# MKIII 1.8T swap



## vw_owner (Dec 19, 2008)

hello all. this is my very first post and need some help with a swap i am doing. i have a 94 Jetta that i have owned since it was only 2 years old. i have loved this car to death and after close to 500,000 miles on an ABA, i have decided to put in something a little bigger, so i want to put in a 1.8T from a 2001 Jetta. i have already aquired this car because it was wrecked, badly. the motor and trans are still intact and all wiring and ECU are good. what i plan on doing is dropping in this motor, putting in a bigger turbo, injectors, custom intercooler piping, standalone, and freshen up some things along with fixing all of those problematic things that the 1.8T are oh so famous for. this will by no means be a race car so the turbo will not be rediculously huge. i will also not be running A/C, but will be running P/S. so now for my questions:
1. what kind of custom work needs to be done to secure the motor and trans inside of a MKIII engine bay?
2. what gauge cluster is needed to run a 1.8T setup in a MKIII?
3. what axles need to be run?
4. what radiator?
5. will running power steering be a problem with the 1.8T pump and the ZF Steering Rack in the MKIII?
if there is any other usefull information regarding the complexity of this swap please let me know. i am all ears for any and all thoughts on this build. TIA


----------



## bonesaw (Aug 8, 2004)

*Re: MKIII 1.8T swap (vw_owner)*

put the ABA rear mount on the 1.8t and bolt in. if you are going standalone you can leave the ABA cluster. You need to change the diff cups to 100mm 02J and your axles will work.

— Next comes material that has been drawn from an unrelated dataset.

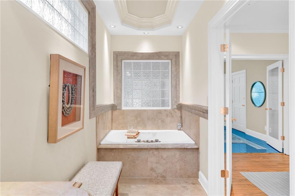 JennAir cooktop, indoor gas grill, and professional-grade refrigerator and freezer. Smartly designed cabinetry provides abundant storage, making this kitchen as practical as it is elegant. Also on the main level are a convenient powder room, laundry area, and two-car garage with easy access to the living space. The lower level is a true retreat. The primary suite features a large walk-in closet and a spa-like bath with a whirlpool tub, separate walk-in shower, and
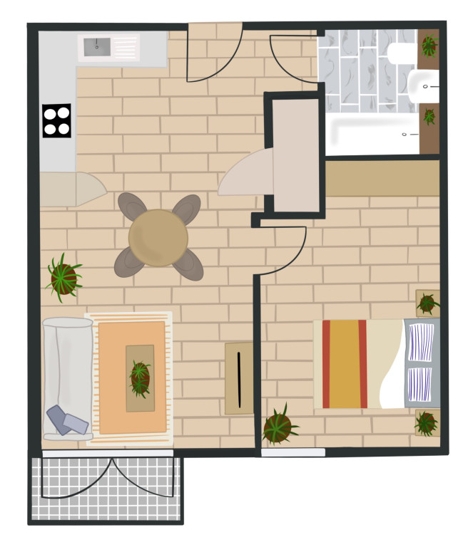 1 Baths • 1 Bed • 1 Bed 538 sqft

Use the ABA rad. The lines for PS should mate up.
Boostin 20v FAQ 
this covers alot too.


_Modified by bonesaw at 2:29 PM 12-19-2008_


----------



## vw_owner (Dec 19, 2008)

*Re: MKIII 1.8T swap (bonesaw)*


_Quote, originally posted by *bonesaw* »_put the ABA rear mount on the 1.8t and bolt in. if you are going standalone you can leave the ABA cluster. You need to change the diff cups to 100mm 02J and your axles will work. Use the ABA rad. The lines for PS should mate up.
Boostin 20v FAQ 
this covers alot too.

_Modified by bonesaw at 2:29 PM 12-19-2008_

hmmm, that sounds reletivly simple. what do you mean by "put the ABA rear mount on the 1.8T and bolt it up"?


----------



## bonesaw (Aug 8, 2004)

*Re: MKIII 1.8T swap (vw_owner)*

the rear engine mount bracket. that bolts the the subframe. bolt it to the 1.8t and put in the car.


----------



## wolfsburg1.8Tchipped (Sep 1, 2007)

*Re: MKIII 1.8T swap (vw_owner)*

Ohh nice dude! This is a good project. Look around on here a bit more, there was a guy that did this in a MKIII golf. He did not have a lot of issues. It will fit with some minor mods; if i remember correctly his biggest issue was trying to fit in the radiator and some of his engine accesories. But that thing was sweet man, that light body with the 1.8T will be flying dude.
Do you have the 150hp or the 180hp 1.8T?





















http://****************.com/smile/emthup.gif


----------



## bonesaw (Aug 8, 2004)

*Re: MKIII 1.8T swap (wolfsburg1.8Tchipped)*

the hoses are a little more difficult with the internal water pump blocks but no big deal. its a fairly simple swap other than wiring/management.


----------



## Blk95VR6 (Nov 9, 2000)

*Re: MKIII 1.8T swap (bonesaw)*

Use a VR6 radiator instead of a 2.0 radiator, as the hoses terminate on the same side of the engine, and you'll not have to cobble hoses together to make them work. You can also use the stock 2.0 front mount as long as the transmission bolts will work (holes and bolts are the same).

Mike


----------



## vw_owner (Dec 19, 2008)

*Re: MKIII 1.8T swap (Blk95VR6)*

wow, things are really starting to come together with this. does anybody know how much power the 2.0 axles will support?


----------



## bonesaw (Aug 8, 2004)

*Re: MKIII 1.8T swap (vw_owner)*

it really depends on how you drive.


----------



## Blk95VR6 (Nov 9, 2000)

*Re: MKIII 1.8T swap (bonesaw)*


_Quote, originally posted by *bonesaw* »_it really depends on how you drive. 

x2
Mike


----------



## vw_owner (Dec 19, 2008)

*Re: MKIII 1.8T swap (bonesaw)*


_Quote, originally posted by *bonesaw* »_You need to change the diff cups to 100mm 02J and your axles will work.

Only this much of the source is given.